Wounded Lover: When Love is a Constant Struggle
“If you are silent about your pain, they’ll kill you and say you enjoyed it.”
-Zora Neale Hurston
We all feel lonely sometimes. But some people fight that battle harder than others. Have you ever felt haunted by loneliness? Felt unlovable or a sense of defectiveness? We all cope with childhood wounds to the best of our ability because we all have certain wounds from childhood, although the wounding may be felt at various levels of intensity. But there are those who act out in adult relationships because of their childhood wounds and cause harm to others. Have you worried that maybe you love too much or too hard, sharing a level of devotion that the other person may not deserve? There’s nothing wrong with being loving, but people-pleasing crosses a line.
Crossing the line of thoughtfulness or generosity into self-sacrifice makes me think about the distinction between being possessive or jealous, versus being territorial. Territorial means you protect what you cherish, but never at the expense of the thing or person. Whereas, feeling jealous or possessive usually involves the fear of losing something and then overstepping an important boundary. Love can make you feel "crazy." Neuroscience doesn't call it an addictive love cycle happening in your brain for no reason. There's a time when you're falling in love when the chemicals in your brain actually go catawampus. So, what happens when a person mixes that with deep-seated childhood trauma?
They could become obsessive, inappropriately possessive, or maybe even delusional about the state of the relationship. They can become wounded men like the character Joe in Netflix and Lifetime's You. I love how they walk us through each of his relationships while giving us his inner dialogue. The twisted stories he's telling himself to rationalize his possessiveness, his cruelty, his manipulation. He's so delusional that he really believes he loves these women when the truth is that he really sees each of these women as his own wounded mother, whom he's desperate to protect.
He love bombs the women in his life, giving them the perfect fantasy, all while he tries to control every aspect of their lives.

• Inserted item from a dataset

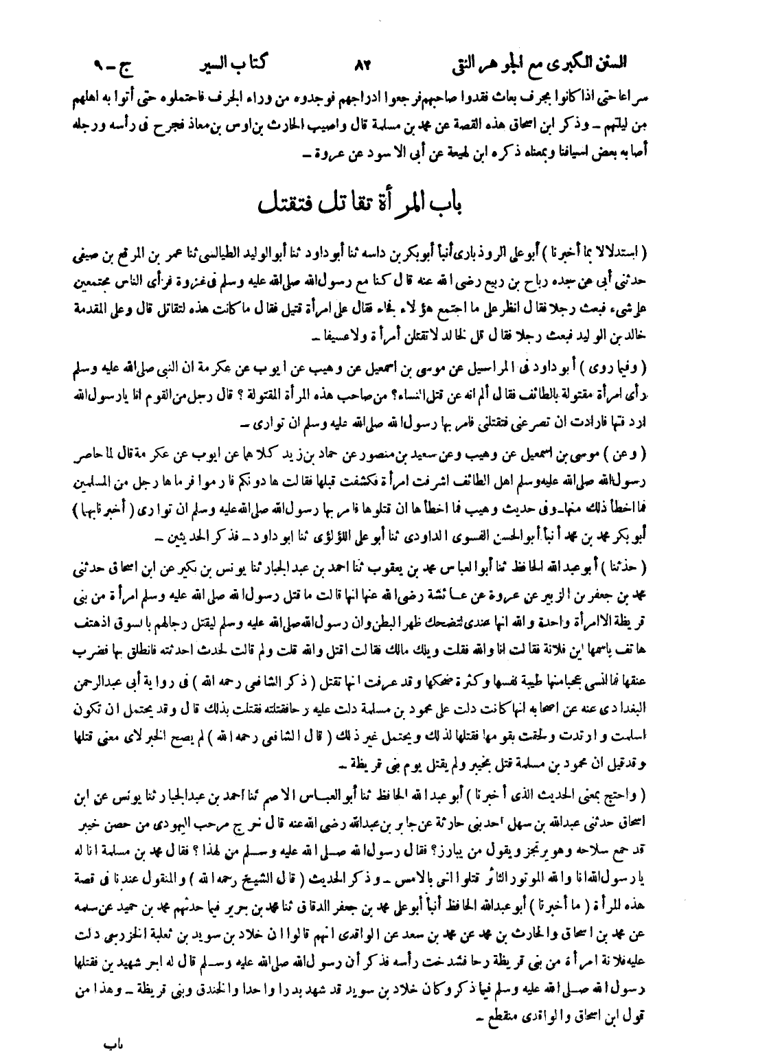 - باب المرأة تقاتل فتقتل (استدلالا بما أخبرنا) أبو على الروذبارى أنبأ أبو بكر بن داسه ثنا أبو داود ثنا أبو الوليد الطيالسي ثنا عمر بن المرقع بن صيفي حدثنى أبى عن جده رباح بن ربيع رضى الله عنه قال كنا مع رسول الله صلى الله عليه وسلم في غزوة فرأى الناس مجتمعين على شئ فبعث رجلا فقال انظر على ما اجتمع هؤلاء فجاء فقال على امرأة قتيل فقال ما كانت هذه لتقاتل قال وعلى المقدمة خالد بن الوليد فبعث رجلا فقال قل لخالد لا تقتلن أمرأة ولا عسيفا - (وفيما روى) أبو داود في المراسيل عن موسى بن اسمعيل عن وهيب عن ايوب عن عكرمة ان النبي صلى الله عليه وسلم رأى امرأة مقتولة بالطائف فقال ألم انه عن قتل النساء ؟ من صاحب هذه المرأة المقتولة ؟ قال رجل من القوم انا يارسول الله اردفتها فارادت ان تصرعنى فتقتلني فامر بها رسول الله صلى الله عليه وسلم ان توارى - (وعن) موسى بن اسمعيل عن وهيب وعن سعيد بن منصور عن حماد بن زيد كلاهما عن ايوب عن عكرمة قال لما حاصر رسول الله صلى الله عليه وسلم اهل الطائف اشرفت امرأة فكشفت قبلها فقالت هادونكم فارموا فرماها رجل من المسلمين فما اخطأ ذلك منها - وفى حديث وهيب فما اخطأها ان قتلوها فامر بها رسول الله صلى الله عليه وسلم ان توارى (أخبرنا بهما) أبو بكر محمد بن محمد أنبأ أبو الحسن الفسوى الداودى ثنا أبو على اللؤلؤي ثنا أبو داود - فذكر الحديثين -

And when they ultimately see through his lies and manipulation, he violently discards them. The women don't trust their intuition even though they know that at some level, he's too good to be true. But it feels delicious to believe the lie. To believe in the fantasy of what he’s offering. So, they paint red flags green. I think it also shows what too many women have had to endure for the promise of a loving long-term relationship. I’ve seen versions of that not only in my clinical experience, but also in my experience from my work on the television show, TV One's Fatal Attraction.
I’m not saying that men don't have to push hard things down and compartmentalize. But women tend to be more physically vulnerable and endure threats of sexual assault, verbal and physical abuse, and mental manipulation, all from an initial promise of love. For happily ever after. People ask themselves why these women stay in these unhealthy relationships. There’s often so much criticism as to why women who have survived men who abuse their power over them in the workplace keep going to work. They believe she must be lying. These women are too often given very little empathy once they share their stories even though it’s a desperate push for survival that makes them suffer these silent sorrows.
I don't know that it serves any of us to rush to believe in situations where we weren't present. Consider facts and evidence. But when a person shows you signs of a lack of empathy, believe them. When a person shows you a lack of respect for survivors, from subtle sexism to more hostile forms of abuse, believe them. There is no solace next to a bully. But it's easy to believe in the fantasy of a romantic knight in shining armor because we have to cope in a world where wounded men who prey on women actually exist. So again, when you see the red flags, listen to your intuition. Don't paint red flags green. None of us are invincible from being one of "those" women.